Русский Монпарнас. Парижская проза 1920–1930-х годов в контексте транснационального модернизма — страница 61 из 67

[780]. Мать, у которой кудри оплетают лицо точно змеи, напоминает зловещую Медузу Горгону, однако и дочь ее – отнюдь не пассивная жертва. Мать заражает ее злом, делая способной на ненависть, двуличие, мстительность. Мотив дочерней мести матери-сопернице снова и снова возникает в произведениях Немировски. В романе «Вино одиночества» (1935) героиня добивается торжества, соблазнив молодого любовника матери.

В романе «Иезавель» (1936) разрушительные материнские инстинкты достигают мифических пропорций: стареющая красавица Глэдис Айзенах совершает двойное детоубийство. Она в ответе за гибель дочери, которая умирает во время преждевременных родов, не решившись позвать на помощь, – настолько она боится, что Глэдис отнимет у нее ребенка[781]. Двадцать лет спустя давно забытый внук появляется у нее на пороге, и бабушка стреляет в него, когда он угрожает сообщить об их родстве (и, соответственно, раскрыть тайну ее возраста) ее молодому любовнику. Глэдис совершает эти преступления с единственной целью – сохранить миф о своей молодости, а также потому, что, по ее мнению, материнство несовместимо с женской привлекательностью. Ее основной порок – ненасытная жажда мужского восхищения. Примечательно, что в итоге она получает вполне адекватное наказание: в зале суда происходит то, что страшит ее больше, чем приговор за совершенные злодеяния, – обнародование ее возраста.

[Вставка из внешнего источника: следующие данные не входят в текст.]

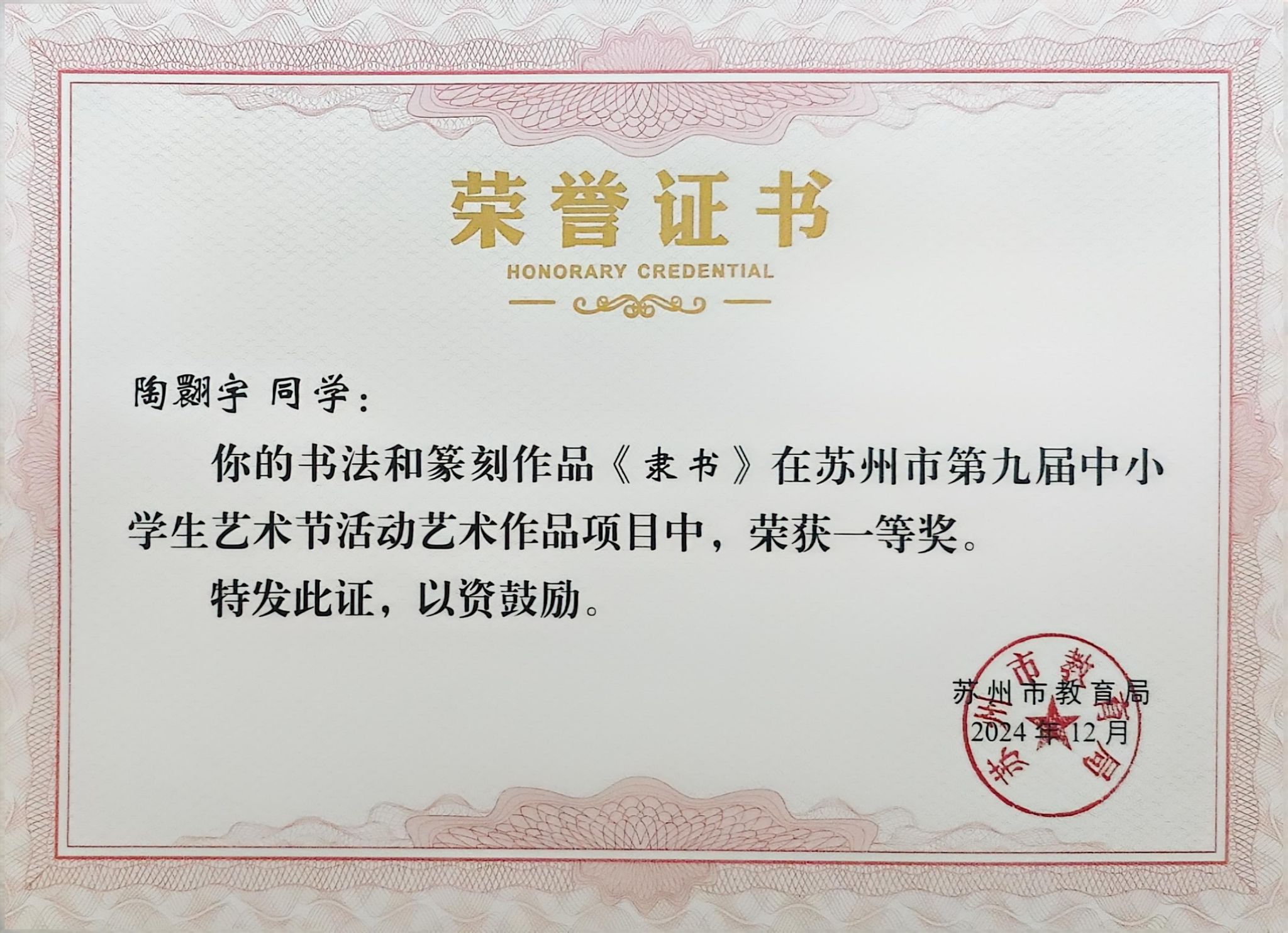热烈祝贺我校陶翾宇同学在苏州市第九届中小学生艺术节活动艺术作品项目中荣获一等奖

Внук Глэдис Бернар называет ее Иезавель. Эта коварная и деспотичная финикиянка, царица Древнего Израиля, учредившая культ Ваала и преследовавшая пророков, вошла в мифологический пантеон как женщина, неумеренно кичившаяся своей внешностью. В Книге Царств говорится: «Она нарумянила лице свое и украсила голову свою» (4 Цар., 9: 30). Кончила она плохо – сбылось пророчество Илии: ее тело выбросили из окна на съедение псам. Глэдис, принадлежащую к «динамичному обществу космополитов, без каких-либо привязанностей, без родного дома»[782], объединяет с ее библейским прототипом целый ряд черт: они обе предстают носительницами чуждой, космополитической культуры. (В Библии именно это качество царицы-финикиянки представлено как угроза стабильности и монотеизму Израиля.) Однако в связи с внезапным появлением внука, предвещающим ее поражение, Глэдис связана с еще одной жестокой библейской царицей – Гофолией (Аталией), которая, возможно, была дочерью Иезавели. Взойдя на трон, Гофолия «истребила все царское племя». Только внук ее Иоас был тайно спасен и спрятан на долгие годы. Впоследствии он вернул себе царство, а Гофолию казнили.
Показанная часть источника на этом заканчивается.